Het komt regelmatig voor dat mij een Europees betalingsbevel wordt voorgelegd met de vraag wat nu?

In sommige gevallen hebben partijen zelf dan al tijdig binnen de 30-daags termijn een verweer of “Einspruch” ingediend, al dan niet volgens het daarvoor bestemde en met het EBB mee-betekende F-Formulier. Indien verweer is gevoerd en de eisende partij, ondanks het verweer aangeeft de zaak door te willen zetten, wordt de zaak door de centraal aangewezen EBB rechter (in Nederland is dat de Rechtbank Den Haag , in Oostenrijk het Bezirksgericht für Handelssachen Wien verwezen naar de relatief bevoegde rechter om de zaak inhoudelijk te behandelen.
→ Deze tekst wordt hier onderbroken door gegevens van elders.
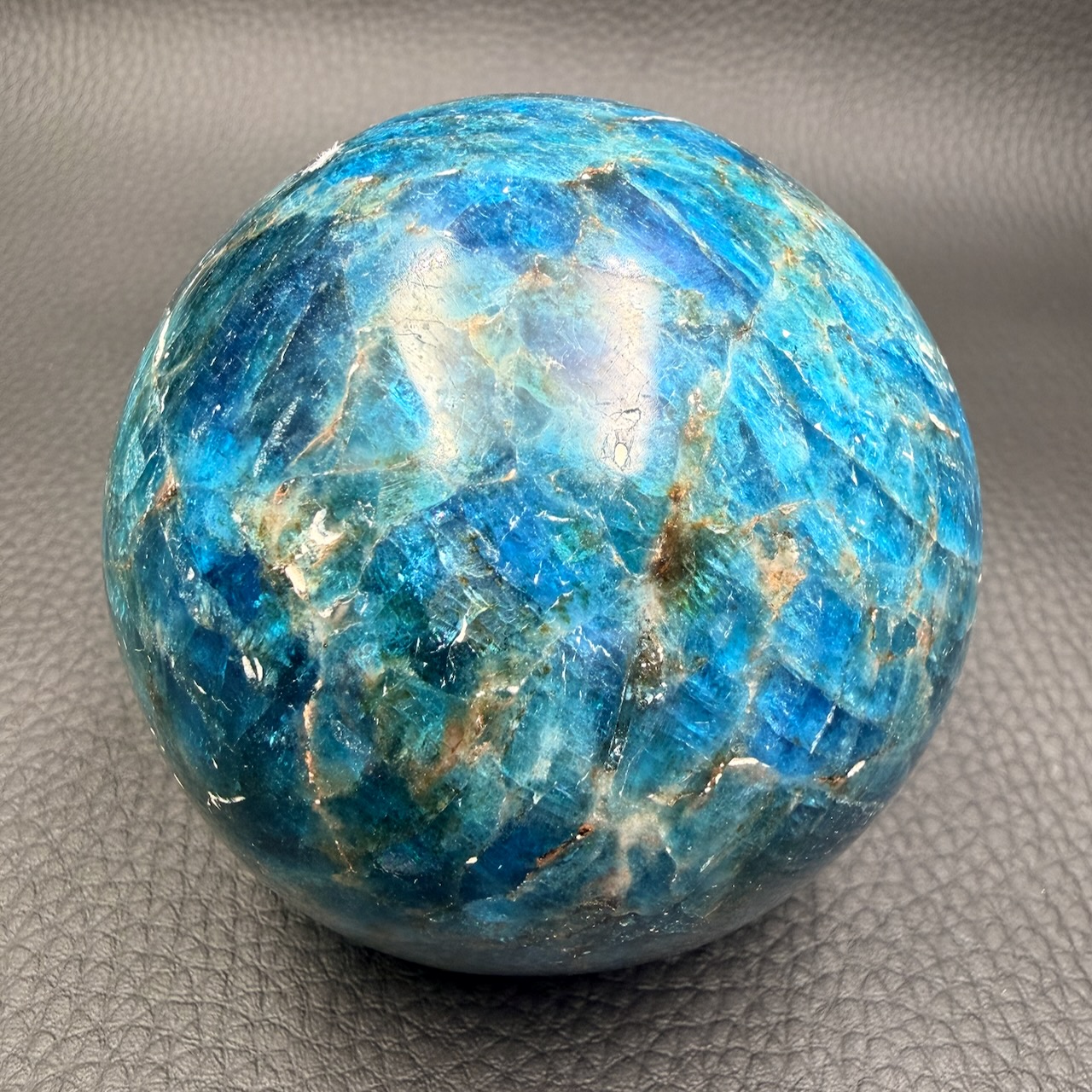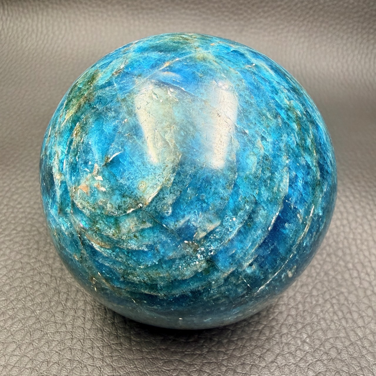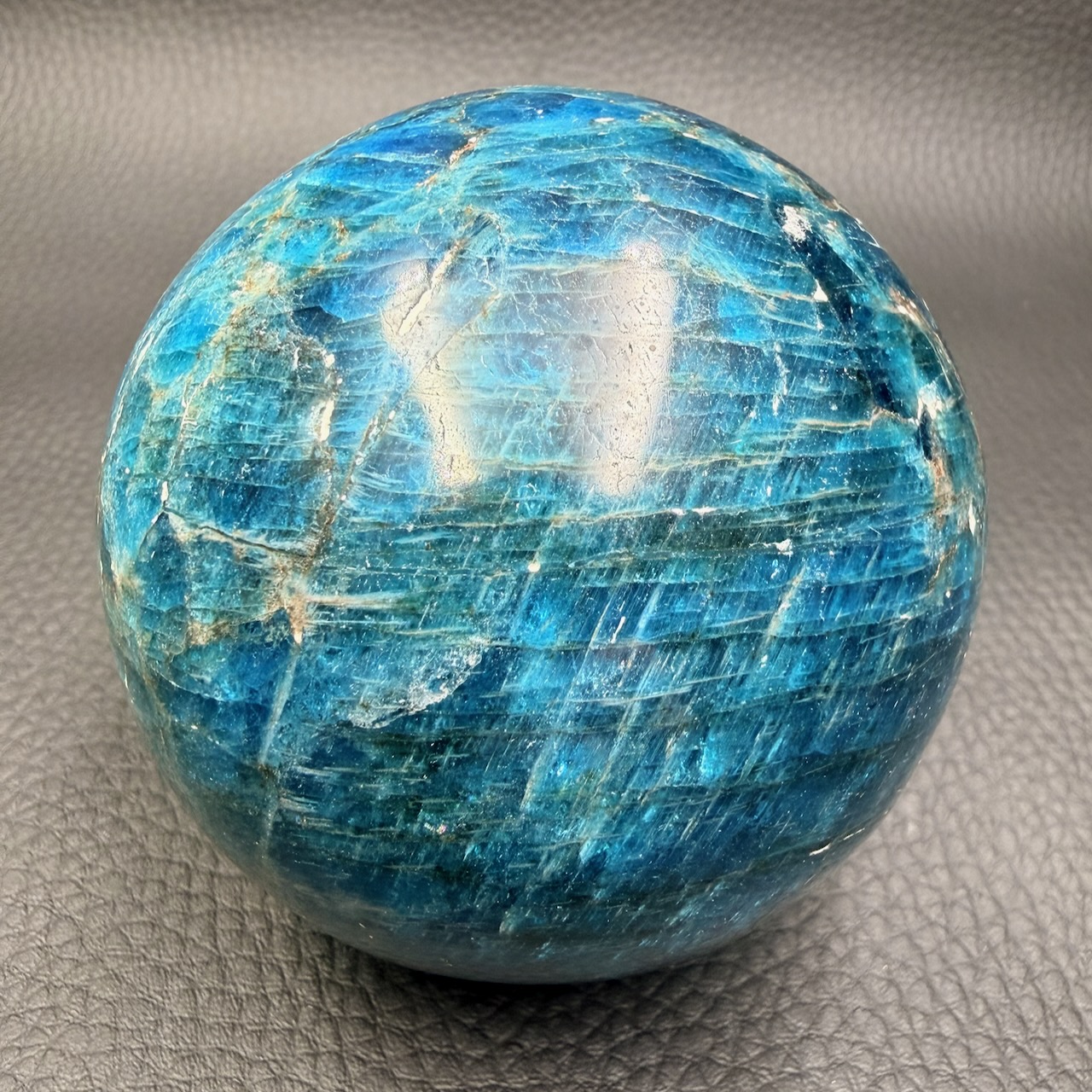 Diamètre de la sphère en apatite bleue 7,5 cm approximatif.
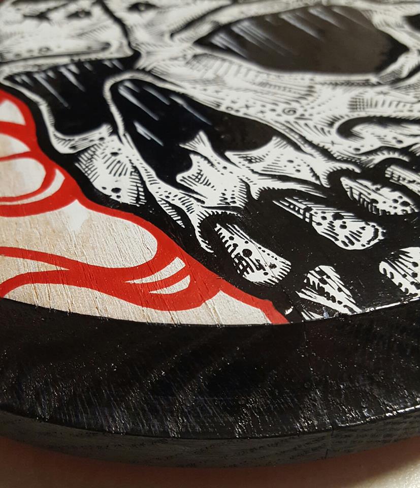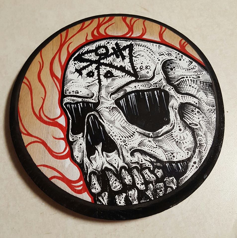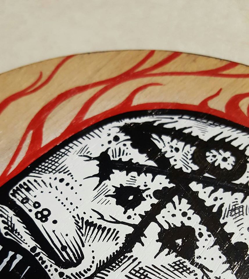 8" across. Acrylic and oil on beveled edge wood circle with under painting.

Mij werd laatst evenwel een Oostenrijks vonnis toegezonden met het verzoek om te adviseren of daar nog wat aan te doen viel. Het betrof juist de inhoudelijke vervolgprocedure nadat tegen de EBB verweer was gevoerd. De gedaagde door de bodem rechter opgeroepen om te verschijnen en zijn verweer te substantiëren was niet verschenen en zodoende was de vordering op grondslag van de eis integraal toegewezen. Wat nu, het betrof (naar Oostenrijks recht) wel een verstekvonnis, maar omdat in een eerder stadium in het kader van de EBB-procedure al verweer “Einspruch” was gevoerd, stond geen verzet (Widerspruch) meer open. In zo´n geval staat tegen het (verstek)vonnis alleen hoger beroep ten dienste op grond van het bepaalde in art. 442a ZPO (Oostenrijkse WvBR).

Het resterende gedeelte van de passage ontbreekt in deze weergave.